Start of Block

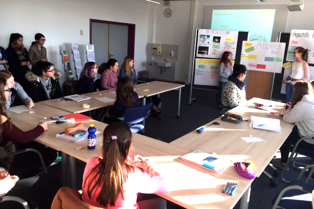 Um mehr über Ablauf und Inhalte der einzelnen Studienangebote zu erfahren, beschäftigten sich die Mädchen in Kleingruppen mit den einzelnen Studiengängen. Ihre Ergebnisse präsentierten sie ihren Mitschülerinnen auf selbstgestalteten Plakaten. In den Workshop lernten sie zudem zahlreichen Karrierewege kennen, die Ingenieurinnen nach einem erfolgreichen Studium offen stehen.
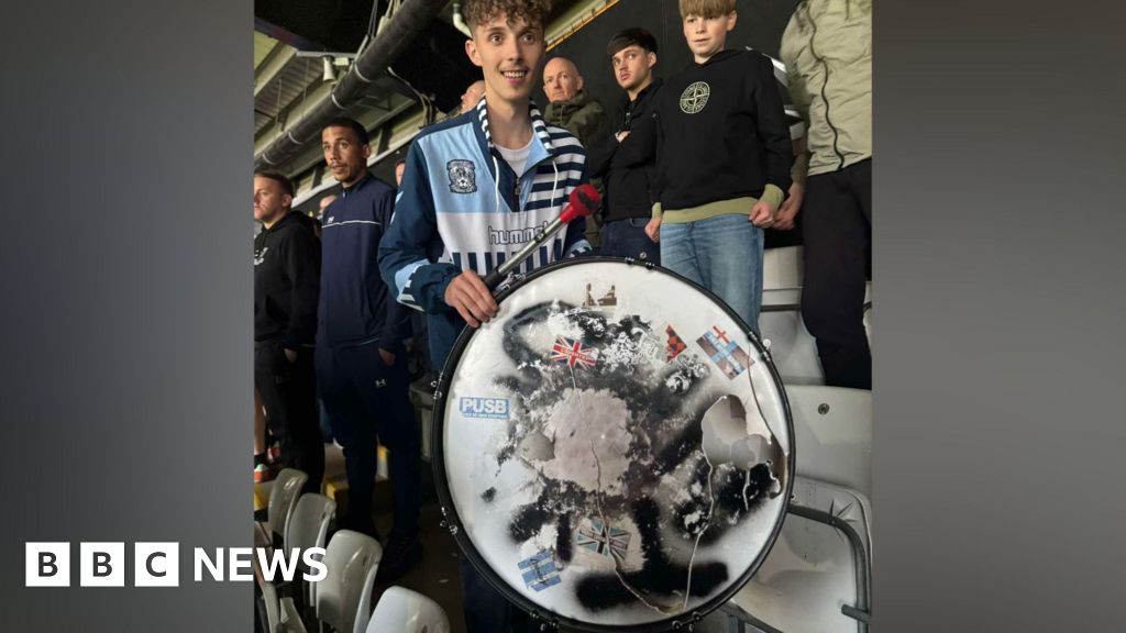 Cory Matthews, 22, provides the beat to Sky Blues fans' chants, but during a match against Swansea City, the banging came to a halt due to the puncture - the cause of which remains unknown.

End of Block
Start of Block

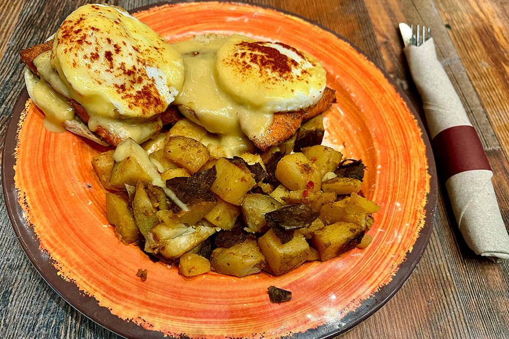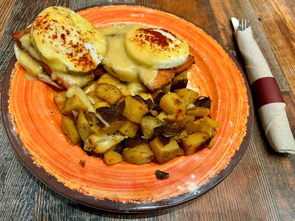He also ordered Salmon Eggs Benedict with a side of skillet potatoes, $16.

End of Block

**Goal of the exercise**: Skipping the pictures, print the lines in the listing above exactly as written, starting at the line with "Um mehr über" and ending at the line with "Cory Matthews, 22, provides", both included.

**Response for this exercise**:
 Um mehr über Ablauf und Inhalte der einzelnen Studienangebote zu erfahren, beschäftigten sich die Mädchen in Kleingruppen mit den einzelnen Studiengängen. Ihre Ergebnisse präsentierten sie ihren Mitschülerinnen auf selbstgestalteten Plakaten. In den Workshop lernten sie zudem zahlreichen Karrierewege kennen, die Ingenieurinnen nach einem erfolgreichen Studium offen stehen.
 Cory Matthews, 22, provides the beat to Sky Blues fans' chants, but during a match against Swansea City, the banging came to a halt due to the puncture - the cause of which remains unknown.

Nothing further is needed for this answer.